We want to mark some of the nine unit squares of a $3 × 3$ grid so that none of the four $2 × 2$ squares in the grid is left completely unmarked. In how many ways can this be done?
I know we want to use the inclusion-exclusion principle.
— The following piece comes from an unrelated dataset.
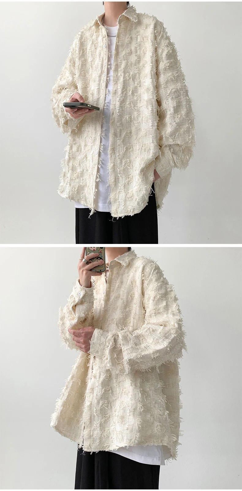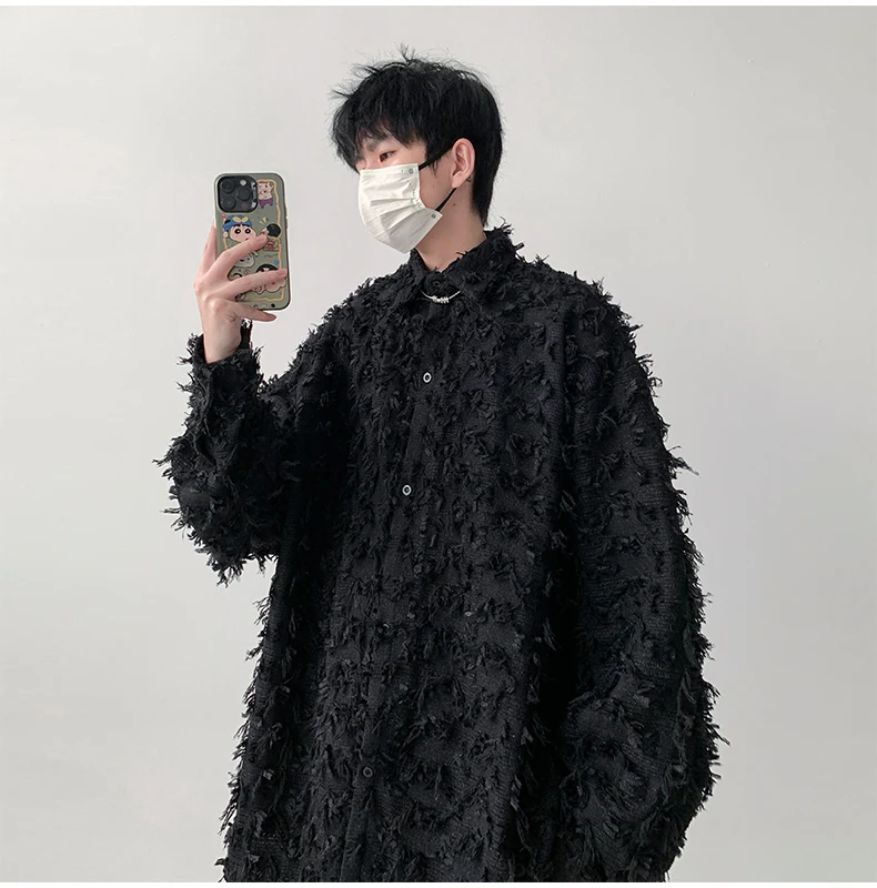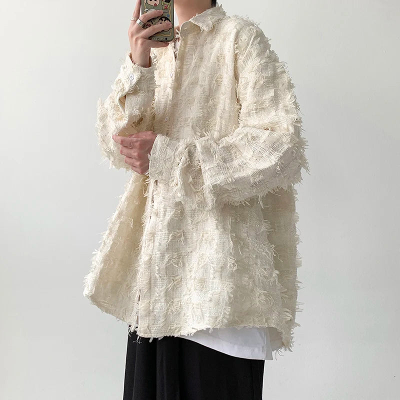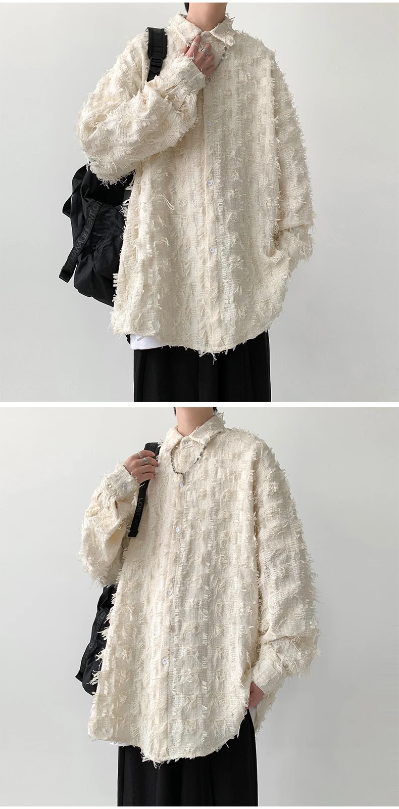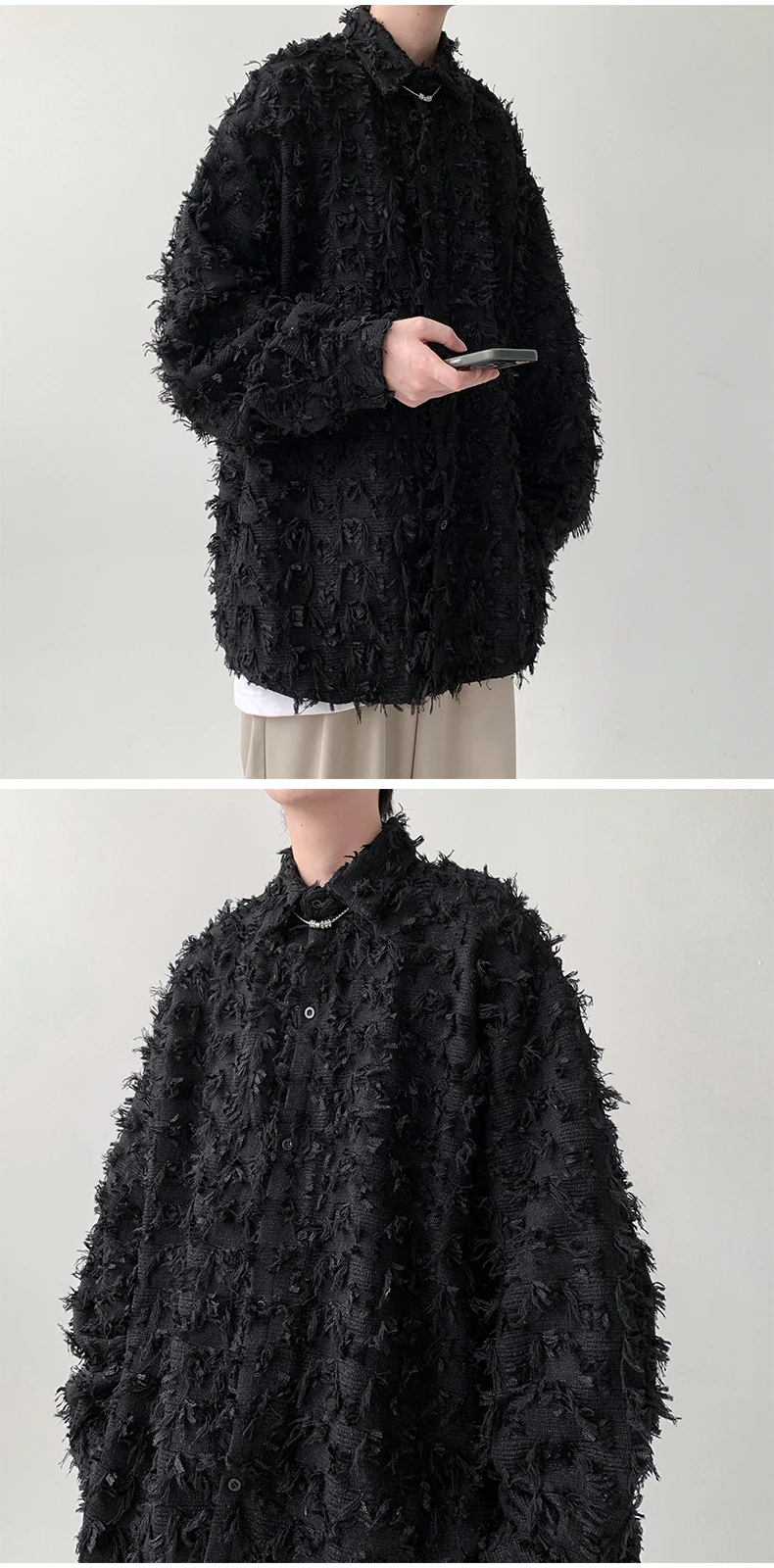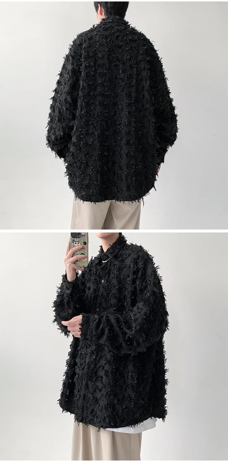 Personality Thick Tassel Shirt High Quality Fashion Streetwear Long Sleeve Shirts Men's Casual Loose Tops Autumn New Blouse Men

If we let $$S=\{\text{all ways to mark a } 3 × 3 \text{ grid}\}$$ $$A_1=\{\text{all the ways to mark a } 3 × 3 \text{ such that one } 2 × 2 \text{ square is unmarked}\}$$ $$A_2=\{\text{all the ways to mark a } 3 × 3 \text{ such that two } 2 × 2 \text{ squares are unmarked}\}$$ $$A_3=\{\text{all the ways to mark a } 3 × 3 \text{ such that three } 2 × 2 \text{ squares are unmarked}\}$$ $$A_4=\{\text{all the ways to mark a } 3 × 3 \text{ such that four } 2 × 2 \text{ squares are unmarked}\}$$ Then our desired number is $$|S-(A_1 \cup A_2 \cup A_3 \cup A_4)|$$ I'm pretty sure that $$|S|=\sum_{n=0}^9 \binom{9}{n}=2^9$$ because we can mark the grip with $\{0,...,9\}$ marks, and in each case we're essentially ordering $n$ marks and $9-n$ empty squares. I'm struggling a bit to figure out how to count the remaining portions of the inclusion-exclusion principle and would love some help! For instance, I think that $$|A_i|=\sum_{n=0}^5 \binom{5}{n}=2^5$$ for $1 \leq i \leq 4$ because we fix $4$ squares to be unmarked and then simply have to arrange $n$ marks and $5-n$ empty squares for $\{0,...,5\}$ marks. Using similar logic we get $$|A_i \cap A_j|=\sum_{n=0}^3 \binom{3}{n}=2^3 \qquad\text{ if the two unmarked squares share an edge}$$ $$|A_i \cap A_j|=\sum_{n=0}^2 \binom{2}{n}=2^2 \qquad\text{ if the two unmarked squares share a corner}$$ $$|A_i \cap A_j \cap A_k|=\sum_{n=0}^1 \binom{1}{n}=2$$ $$|A_i \cap A_j \cap A_k \cap A_l|=\sum_{n=0}^0 \binom{0}{0}=1$$ for $1 \leq i \ne j \ne k \ne l \leq 4$.This would mean our final answer is $$2^9-\binom{4}{1}*2^5+(4*2^3+2*2^2)-\binom{4}{3}*2 + 1=417$$
Yes, $417$ is the correct count, and inclusion-exclusion is a natural approach. You can simplify a bit by avoiding the sums of binomial coefficients and just think in terms of subsets of cells. For a given subset of $m$ cells, you can either mark or not mark each one, yielding $2^m$ choices.